[INFORMATION SHOWN]
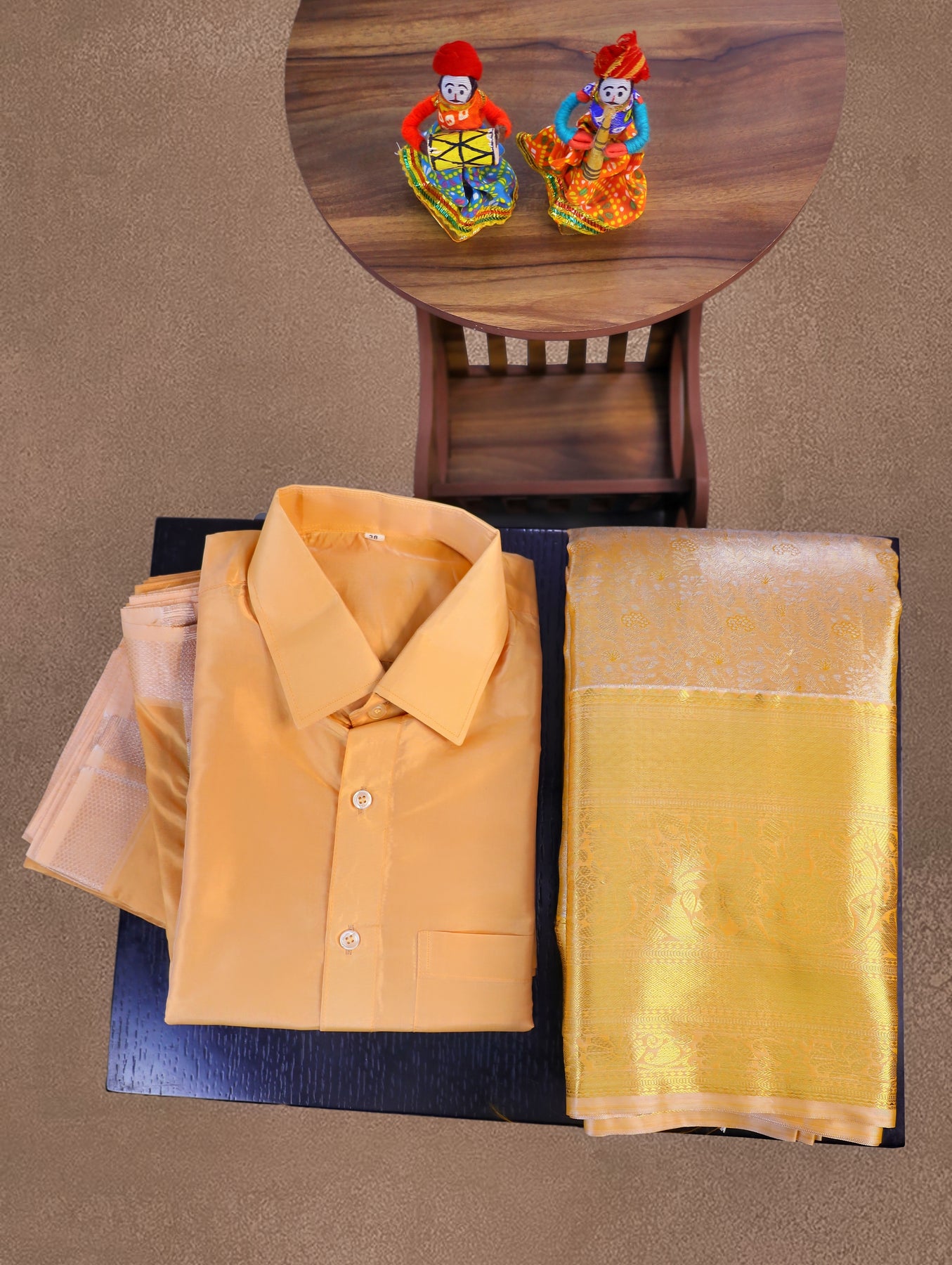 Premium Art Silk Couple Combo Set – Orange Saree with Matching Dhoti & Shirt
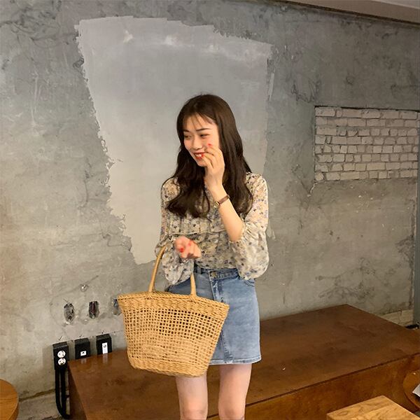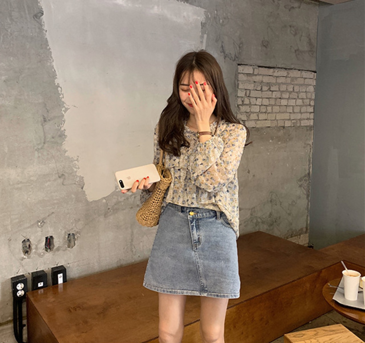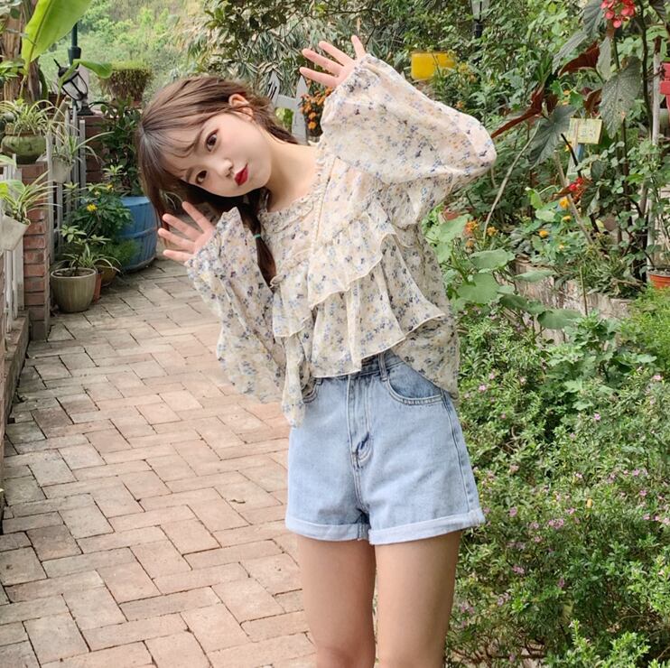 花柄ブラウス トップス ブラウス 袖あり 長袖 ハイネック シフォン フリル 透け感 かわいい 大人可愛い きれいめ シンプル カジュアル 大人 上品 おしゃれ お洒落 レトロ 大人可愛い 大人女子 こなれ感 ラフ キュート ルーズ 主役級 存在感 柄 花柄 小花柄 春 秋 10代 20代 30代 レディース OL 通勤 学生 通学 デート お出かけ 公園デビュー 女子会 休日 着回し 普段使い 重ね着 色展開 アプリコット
* * *
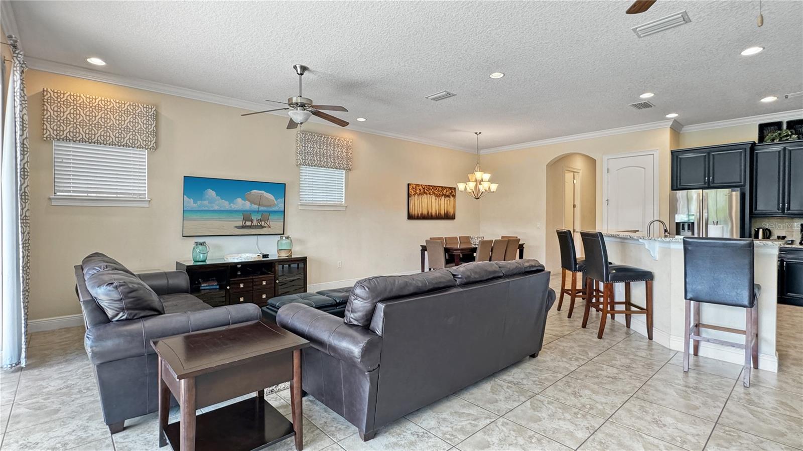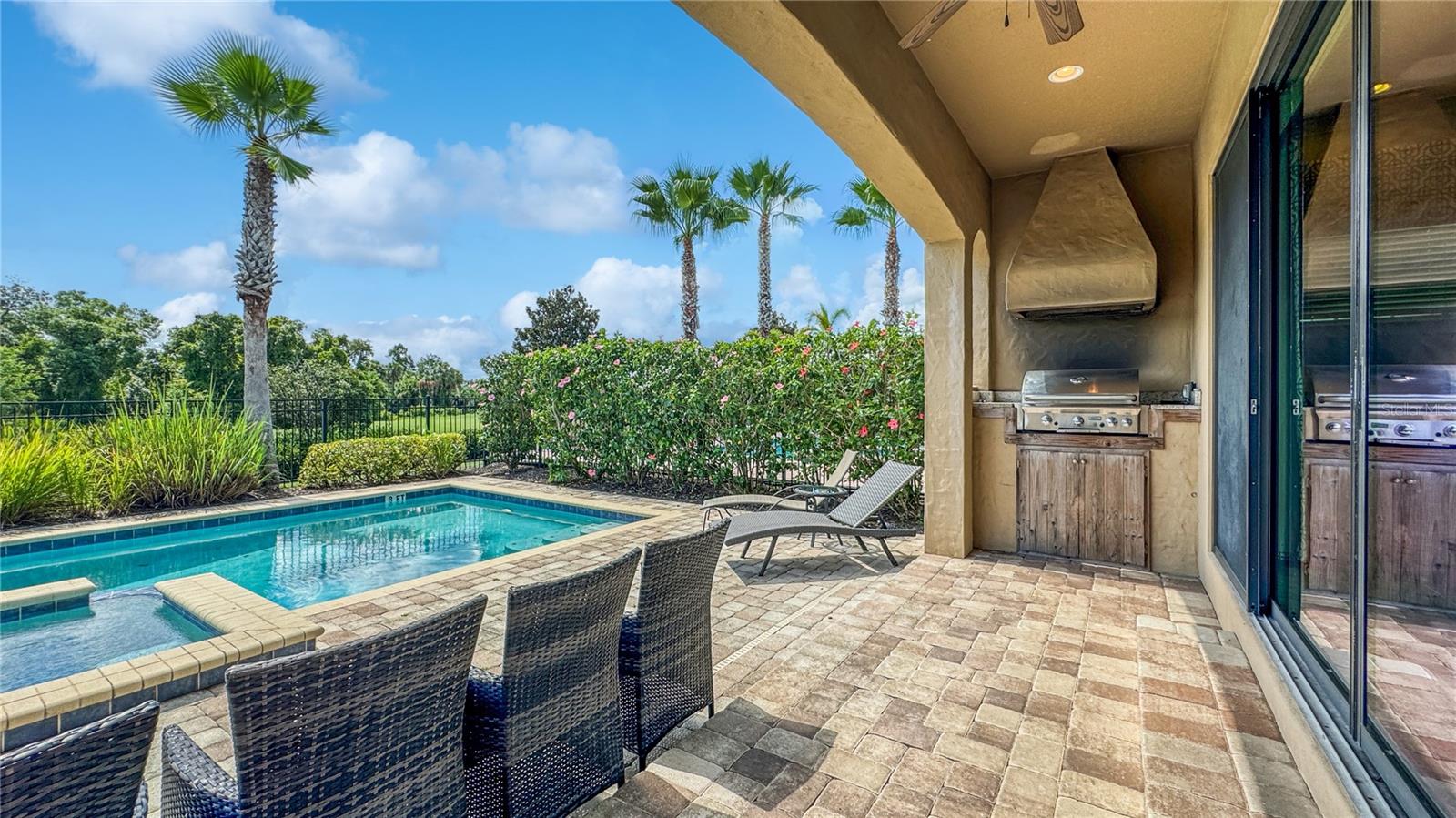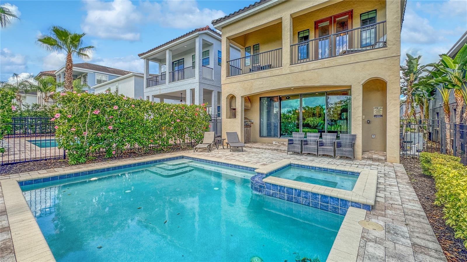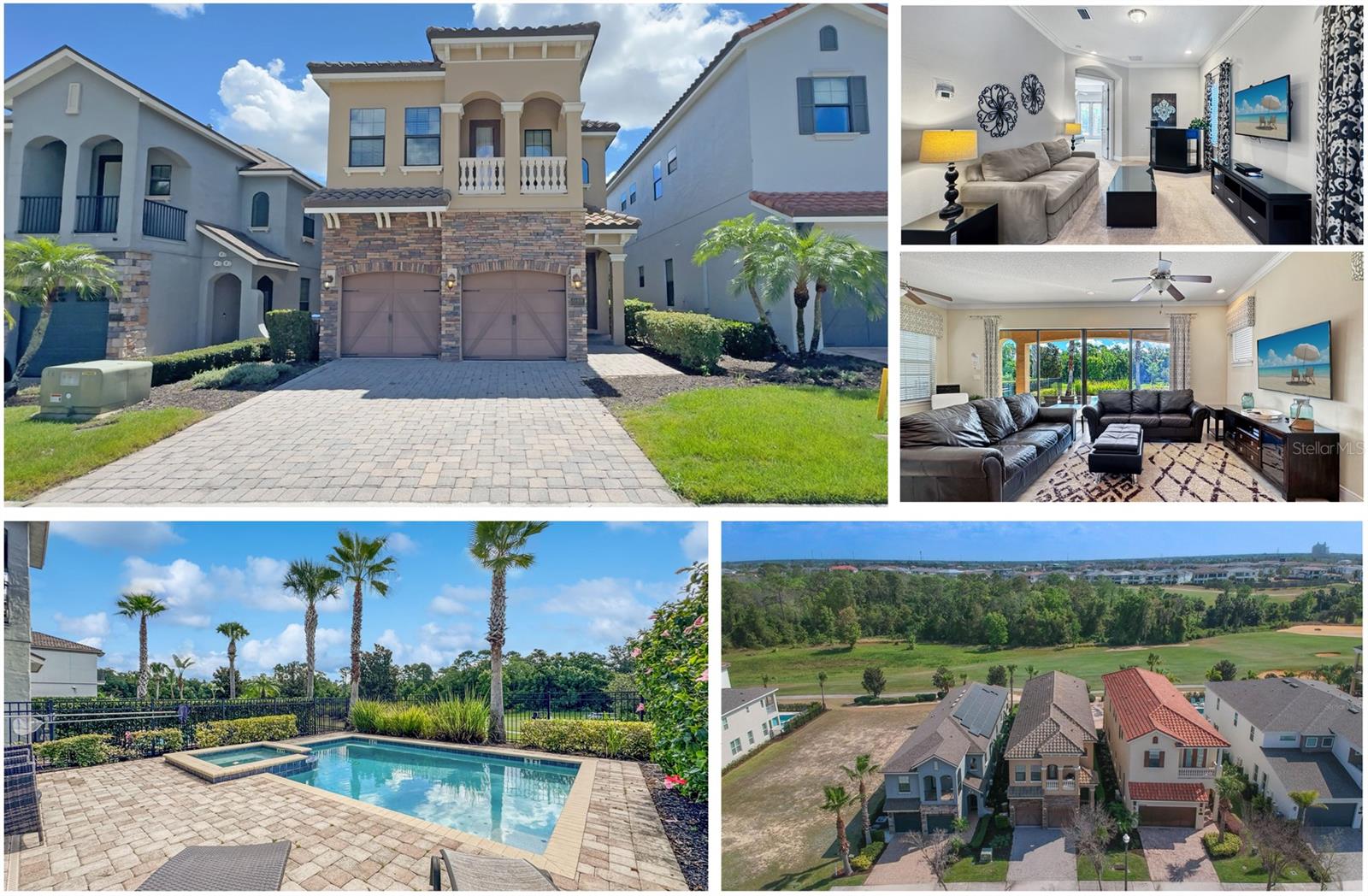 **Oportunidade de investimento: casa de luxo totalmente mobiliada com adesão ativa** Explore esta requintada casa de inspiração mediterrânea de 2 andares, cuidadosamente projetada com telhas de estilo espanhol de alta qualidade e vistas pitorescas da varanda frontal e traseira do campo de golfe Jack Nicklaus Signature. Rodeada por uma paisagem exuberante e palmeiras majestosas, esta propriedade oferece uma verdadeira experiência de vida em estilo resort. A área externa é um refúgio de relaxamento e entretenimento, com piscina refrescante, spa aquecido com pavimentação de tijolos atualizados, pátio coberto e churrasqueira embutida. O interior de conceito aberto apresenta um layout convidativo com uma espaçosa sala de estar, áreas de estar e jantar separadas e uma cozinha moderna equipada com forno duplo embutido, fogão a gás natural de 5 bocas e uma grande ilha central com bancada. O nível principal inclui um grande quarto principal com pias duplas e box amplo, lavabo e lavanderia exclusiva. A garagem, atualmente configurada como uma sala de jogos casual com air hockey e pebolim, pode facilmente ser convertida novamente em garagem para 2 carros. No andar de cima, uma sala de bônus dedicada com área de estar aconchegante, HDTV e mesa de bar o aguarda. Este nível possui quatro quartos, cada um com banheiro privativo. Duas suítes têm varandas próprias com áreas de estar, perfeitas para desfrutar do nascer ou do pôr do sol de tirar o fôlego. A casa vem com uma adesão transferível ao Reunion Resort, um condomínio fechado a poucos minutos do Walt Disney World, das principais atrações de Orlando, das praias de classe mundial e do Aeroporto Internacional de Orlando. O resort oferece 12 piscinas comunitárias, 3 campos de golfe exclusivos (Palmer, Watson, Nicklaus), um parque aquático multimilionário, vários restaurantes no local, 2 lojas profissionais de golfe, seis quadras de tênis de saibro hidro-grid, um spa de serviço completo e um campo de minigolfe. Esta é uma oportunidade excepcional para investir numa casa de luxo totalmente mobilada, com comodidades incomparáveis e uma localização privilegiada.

[AIM OF THE TASK]
In the data above, retype only the stretch from the line with "Premium Art Silk" through the line with "花柄ブラウス トップス ブラウス", word for word, and skip any pictures.

[ANSWER AREA]
 Premium Art Silk Couple Combo Set – Orange Saree with Matching Dhoti & Shirt
 花柄ブラウス トップス ブラウス 袖あり 長袖 ハイネック シフォン フリル 透け感 かわいい 大人可愛い きれいめ シンプル カジュアル 大人 上品 おしゃれ お洒落 レトロ 大人可愛い 大人女子 こなれ感 ラフ キュート ルーズ 主役級 存在感 柄 花柄 小花柄 春 秋 10代 20代 30代 レディース OL 通勤 学生 通学 デート お出かけ 公園デビュー 女子会 休日 着回し 普段使い 重ね着 色展開 アプリコット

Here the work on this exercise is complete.